The Short View: Sovereign wealth fund put

By John Authers, Investment Editor

The private equity put is no more. Now we must rely on the sovereign wealth fund put.

A put option confers the right to sell a stock for a fixed price: it is protection against a fall in the market. Traders talked about the “private equity put” during the bull market in credit. It was so easy for private equity funds to finance buy-outs that they came to be regarded as virtual put options. If companies were doing badly, that just made them likelier candidates to be taken out.

The credit implosion ended this. Private equity will carry on, but not as an insurance policy for the market.

The sovereign wealth put is different. Government funds from Asia and the Middle East, fuelled with dollars produced by high energy and commodity prices, have spotted a bargain in the financial sector.

Politicians in the US and Europe might once have been opposed: now they are happy for petrodollars to shore up critical financial institutions.

UBS’s sale of a 9 per cent stake to the Government of Singapore Investment Corporation, and Citigroup’s sale of 4.9 per cent to the Abu Dhabi Investment Authority, are only the most recent examples.

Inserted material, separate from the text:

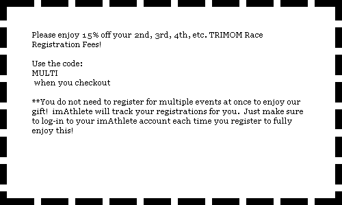 THERE ARE NO EXCEPTIONS! All participants must show a photo ID and their up-to-date USAT card (unless a one day membership is being purchased). Each packet will include your assigned bib number. Bib number must be worn during the run leg (via safety pins or a race belt).

The sovereign wealth put acts on the areas of the market that matter most. Stocks have for months been rising and falling in line with sentiment towards the financial sector.

The Citigroup deal was the catalyst for the rally that saw the S&P 500 gain more than 7 per cent before Tuesday’s Federal Reserve announcement.

But the sovereign wealth put is different; it applies only to the larger stocks, not to the small and mid-cap names that did well out of private equity. Hence the underperformance of smaller companies this year.

And buyers seem only interested in true bargains. This put may yet help the market draw a line under the credit crisis: it cannot be relied on to propel a new bull market.